- **EXTRACTED MATERIAL**
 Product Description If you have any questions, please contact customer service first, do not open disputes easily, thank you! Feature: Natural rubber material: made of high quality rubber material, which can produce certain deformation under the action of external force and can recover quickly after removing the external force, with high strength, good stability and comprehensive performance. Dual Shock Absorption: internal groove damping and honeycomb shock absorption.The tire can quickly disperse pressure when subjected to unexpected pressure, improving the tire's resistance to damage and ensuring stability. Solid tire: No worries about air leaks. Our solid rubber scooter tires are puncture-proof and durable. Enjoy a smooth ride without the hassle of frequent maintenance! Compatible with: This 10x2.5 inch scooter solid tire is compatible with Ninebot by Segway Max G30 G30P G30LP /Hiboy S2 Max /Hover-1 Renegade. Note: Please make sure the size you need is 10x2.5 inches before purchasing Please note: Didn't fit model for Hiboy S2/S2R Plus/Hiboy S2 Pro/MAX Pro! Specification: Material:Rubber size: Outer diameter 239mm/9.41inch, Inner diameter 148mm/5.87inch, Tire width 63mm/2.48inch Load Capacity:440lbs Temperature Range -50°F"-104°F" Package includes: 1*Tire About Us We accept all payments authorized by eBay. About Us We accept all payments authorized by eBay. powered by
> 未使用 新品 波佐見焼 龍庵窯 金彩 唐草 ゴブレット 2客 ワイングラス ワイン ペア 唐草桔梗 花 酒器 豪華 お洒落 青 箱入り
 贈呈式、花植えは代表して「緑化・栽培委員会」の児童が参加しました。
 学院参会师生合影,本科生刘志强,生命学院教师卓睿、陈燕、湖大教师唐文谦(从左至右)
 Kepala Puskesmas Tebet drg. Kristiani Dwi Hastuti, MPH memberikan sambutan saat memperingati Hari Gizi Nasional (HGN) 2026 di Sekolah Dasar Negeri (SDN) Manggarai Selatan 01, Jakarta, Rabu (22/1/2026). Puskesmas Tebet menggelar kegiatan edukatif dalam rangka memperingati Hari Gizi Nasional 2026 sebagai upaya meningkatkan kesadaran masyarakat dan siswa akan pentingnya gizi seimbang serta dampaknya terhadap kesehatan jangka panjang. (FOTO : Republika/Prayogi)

- **WORK ORDER**
Repeat all of the data exactly. Include every line.

- **ANSWER FOR THE TASK**
 Product Description If you have any questions, please contact customer service first, do not open disputes easily, thank you! Feature: Natural rubber material: made of high quality rubber material, which can produce certain deformation under the action of external force and can recover quickly after removing the external force, with high strength, good stability and comprehensive performance. Dual Shock Absorption: internal groove damping and honeycomb shock absorption.The tire can quickly disperse pressure when subjected to unexpected pressure, improving the tire's resistance to damage and ensuring stability. Solid tire: No worries about air leaks. Our solid rubber scooter tires are puncture-proof and durable. Enjoy a smooth ride without the hassle of frequent maintenance! Compatible with: This 10x2.5 inch scooter solid tire is compatible with Ninebot by Segway Max G30 G30P G30LP /Hiboy S2 Max /Hover-1 Renegade. Note: Please make sure the size you need is 10x2.5 inches before purchasing Please note: Didn't fit model for Hiboy S2/S2R Plus/Hiboy S2 Pro/MAX Pro! Specification: Material:Rubber size: Outer diameter 239mm/9.41inch, Inner diameter 148mm/5.87inch, Tire width 63mm/2.48inch Load Capacity:440lbs Temperature Range -50°F"-104°F" Package includes: 1*Tire About Us We accept all payments authorized by eBay. About Us We accept all payments authorized by eBay. powered by
> 未使用 新品 波佐見焼 龍庵窯 金彩 唐草 ゴブレット 2客 ワイングラス ワイン ペア 唐草桔梗 花 酒器 豪華 お洒落 青 箱入り
 贈呈式、花植えは代表して「緑化・栽培委員会」の児童が参加しました。
 学院参会师生合影,本科生刘志强,生命学院教师卓睿、陈燕、湖大教师唐文谦(从左至右)
 Kepala Puskesmas Tebet drg. Kristiani Dwi Hastuti, MPH memberikan sambutan saat memperingati Hari Gizi Nasional (HGN) 2026 di Sekolah Dasar Negeri (SDN) Manggarai Selatan 01, Jakarta, Rabu (22/1/2026). Puskesmas Tebet menggelar kegiatan edukatif dalam rangka memperingati Hari Gizi Nasional 2026 sebagai upaya meningkatkan kesadaran masyarakat dan siswa akan pentingnya gizi seimbang serta dampaknya terhadap kesehatan jangka panjang. (FOTO : Republika/Prayogi)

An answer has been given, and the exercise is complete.